Well, why would we ever want an answer?

And I don't think it's beside the point at all, but I'm enjoying being ficc'ed by YNH too much to explain why just now.
 
 
Tom Coates
08:35 / 29.08.01
I think I'm talking to myself on this thread. Sigh.
 
 
Cavatina
08:35 / 29.08.01
Whaat - no puns, Haus?
What humourless configuration of y/o is this?
 
 
Disco is My Class War
08:35 / 29.08.01
quote:Originally posted by Tom Coates:
It occurs to me that one might like to think of these things in terms of GRAFTS ratther than prosthesis. Think of it this way - If I produce a text, I produce a body of information, of code almost, that individuals can react to and graft upon their own identity. Subsequent changes to that grafted material from outside feel like a betrayal - at the cheesiest level, we feel ourselves to be upset when a bad film adaptation is done of a favourite book. It seems plausible that some quality or element of the original book must have been internalised by us to experience such feeling so deeply. But just as chunks of a text can be grafted onto one's own identity by a reader, surely they can be viewed as chunks that are in the public domain but are OF or EXTENSIONS of the original author...


I like the grafts idea. I guess my take on the 'truth' question is that calling something 'truth' is always going to give it an external, higher-order-quality power. Which is is different to someone's personal feeling. —Although for the same reason, I'm not necessarily persuaded by attestations of a 'personal feeling' about something, because it tends to wipe out the necessity for interrogating one's reactions in a political framework, and can be very effectively deployed as a tool of power, concealing the political motivations behind a statement. I don't think this is what Nick is doing, but it bears pointing out.

who may or may not have grown or regrafted the work as a whole into themselves or as an extension of themselves.

The grafting metaphor brings up growing, doesn't it? Crazy things gowing from the cracks and corners and breaking up nasty concrete. Weeds. Hm. Spreading in unpredictable patterns.

Okay, Tom's post just brought up something which I should point out. I am not advocating that all texts are simply 'in' the public domain, as if the public domain were this flattened-out, textureless, singular quality or regime, continuous with the space/consciousness of what people have been calling 'the writer'. I just don't feel that the 'internal', which includes the act of writing, can be separated from or opposed to the 'external': reading, fan-ficcing, editing, whatever; there's a constant flow between/through/across, which is constantly redefining the boundaries of the 'self'.

More to come, I think.
 
 
Disco is My Class War
10:17 / 29.08.01
How odd to dissociate yourself from your own work in this way, from the workings of your own mind. Your 'ghosts' are you. Reminds me slightly of the Marxian notion of alienation of the working class from the product of its labour. I don't make that separation. Can you sustain it?
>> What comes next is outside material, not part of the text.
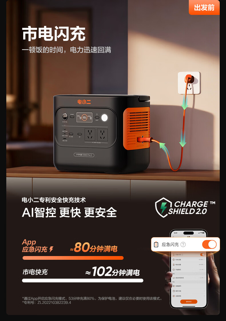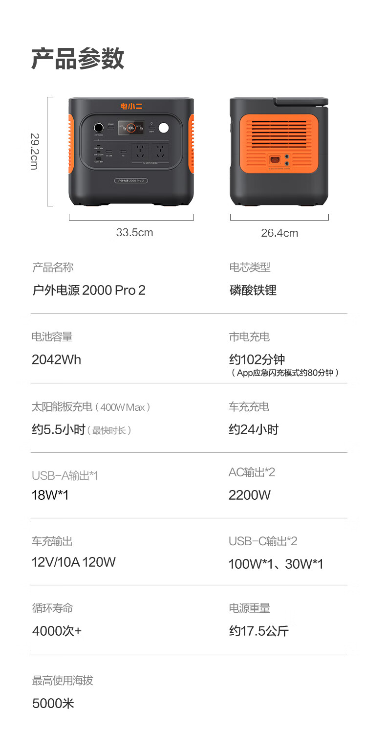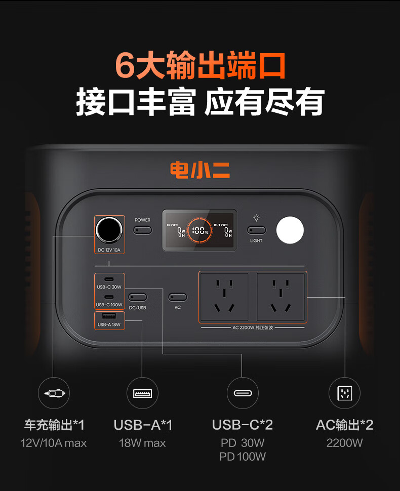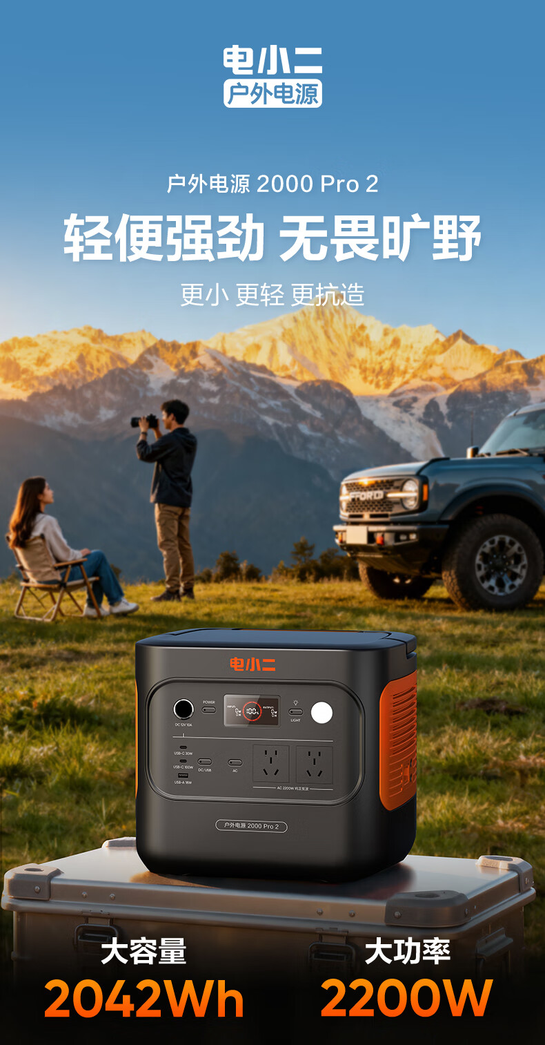 电小二 户外电源 2000Pro2 2200W大功率 黑色(单位:台)

As YNH said, you just re-inflict a singular personhood on me, which is totally not what I'm saying, and thus you misunderstand. What I'm talking about isn't so much a Marxian alienation (although it's related) as the meaning of 'yourself'/'myself'. Complicating the self, I am complicating the whole concept of having a self to 'dissociate' from. And dissociation, anyhow, is sexy. It's like Cartman and the anal probe. On some level he really liked it, man.

As I've already said, I think 'ownership' is the wrong way of looking at this. It's not about property, but identity.'

You used 'own' yourself, in critiqueing me: 'How odd to dissociate yourself from the workings of your own mind.' Let's have a look at how 'identity' is constructed, in the modern world. Your 'identity', if we are being nice and square-cornered for a minute, is constructed by the intersection of regimes of power. Some of these are very definitely about property. To be someone you must have a 'gender'. To be someone you must have a 'race', and hopefully an easily categorised one, at that. To be 'someone' you must be 'seen' or 'known' in the juridico-legal structures of person-making. You must have a home. (Check: homeless people didn't get to vote in Australia until very recently.) And you must be in possession of a 'homeland', ie a country where you are interpellated into the cultural/economic/political strata, in some way, a a citizen. (Check: millions of 'homeless' people, refugees, whose homelessness permits their systematic abuse.) Why are we talking about copyright and legal if ownership is not important, in either a symbolic or economic sense?

Now we're getting into deep psych territory, and I think this one is an open question. I've yet to be convinced that there is no 'I'. Discources within the construction of the Academe seem to push for decentralised identity at the moment, but that may be as much a structural drift as a scientific position.

You're misreading me. YNH had a better go. 'We deploy I to reify a distinction between voices.' Yes. Exactly. And if you use the word 'assemblage', be aware that there are people out there using it in relation to which yours sounds totally counterintuitive. It's not deep psych territory, it's Deleuze & Guattari, and Mille Plateaux has been around for 15 years. Besides which, you should know me well enough by now to remember that I'd never advocate any 'scientific position'.
 
 
Cat Chant
12:20 / 29.08.01
quote:Originally posted by [YNH]:
Showing off one's cbu is a lot like getting naked in public. Laws aside, one extends hirself into others in a bold, confrontational way. It is here that Nick's feelings lie, I think. We should have that right, but we shouldn't be deemed "asking for" anything.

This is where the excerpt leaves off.